Under bash, if that command is in a script, the script file will be overwritten with an error message.

Example

Consider the script:

$ cat test.sh
date 2&>$0

Now, run the script:

$ bash test.sh
test.sh: line 2: unexpected EOF while looking for matching ``'
test.sh: line 3: syntax error: unexpected end of file

Observe the new contents of the script:

$ cat test.sh
date: invalid date `2'

Explanation

The command, date 2&>$0, is interpreted as follows:

  1. The date command is run with argument 2

  2. All output, both stdout and stderr, from the date command is redirected to the file $0. $0 is the name of the current script.

    The symbol > indicates redirection of, by default, stdout. As a bash extension, the symbol &> is a shortcut indication redirection of both stdout and stderr. Consequently, both stdout and stderr are redirected to the file $0.

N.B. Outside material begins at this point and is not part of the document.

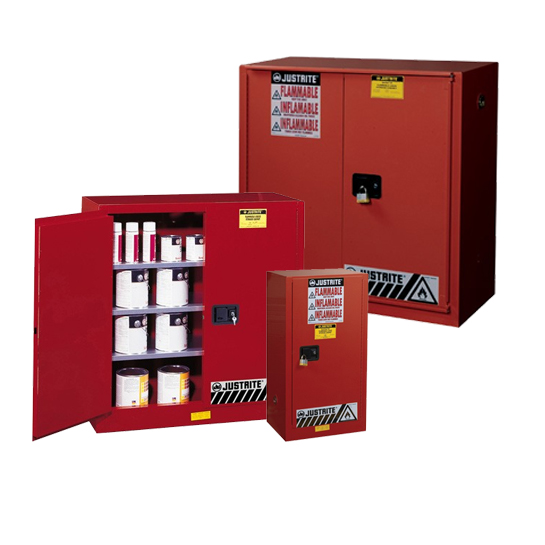 Los gabinetes de almacenamiento de combustibles Sure-Grip® EX tienen las mismas características de calidad que los gabinetes inflamables de Justrite, como se describe a continuación. Diseñados para cumplir con las normas de OSHA y NFPA, los gabinetes Sure-Grip® EX están construidos con acero soldado de doble pared resistente de calibre 18 de espesor con 38 mm de espacio de aire aislante para resistencia al fuego. Las puertas de alto rendimiento con cierre automático se cierran de forma fácil y segura para una máxima protección en caso de incendio. El mecanismo de cierre a prueba de fallas garantiza que el sistema de cierre de bala de acero inoxidable de tres puntos funcione en todo momento. Para mayor seguridad, la manija U-Loc ™ viene con una cerradura de cilindro y un juego de llaves o acepta un candado opcional. Las etiquetas de advertencia reflectantes Haz-Alert ™ son muy visibles en condiciones de incendio o durante cortes de energía cuando se iluminan con una linterna. Los estantes de acero galvanizado SpillSlope® patentados dirigen los derrames a la parte posterior y al fondo de un sumidero a prueba de fugas. Se ajustan en centros de 76 mm para un almacenamiento versátil. Las puertas de cierre manual se abren en 180 grados y se traban automáticamente cuando se cierran. Todos los estilos de puertas cumplen con OSHA y NFPA 30; Los estilos de puertas con cierre automático también cumplen con NFPA 1 y el Código Internacional de Incendios. Todos los gabinetes están aprobados por FM y vienen con una garantía de diez años. |

  3. Once the script file is overwritten, it is no longer a valid script and bash will complain about the malformed commands.

Difference between bash and POSIX shells

With a simple POSIX shell, such as dash, the shortcut &> is not supported. Hence, the command date 2&>$0 will redirect only stdout to the file $0. In this case, that means that the script file is overwritten with an empty file while the date error message will appear on the terminal.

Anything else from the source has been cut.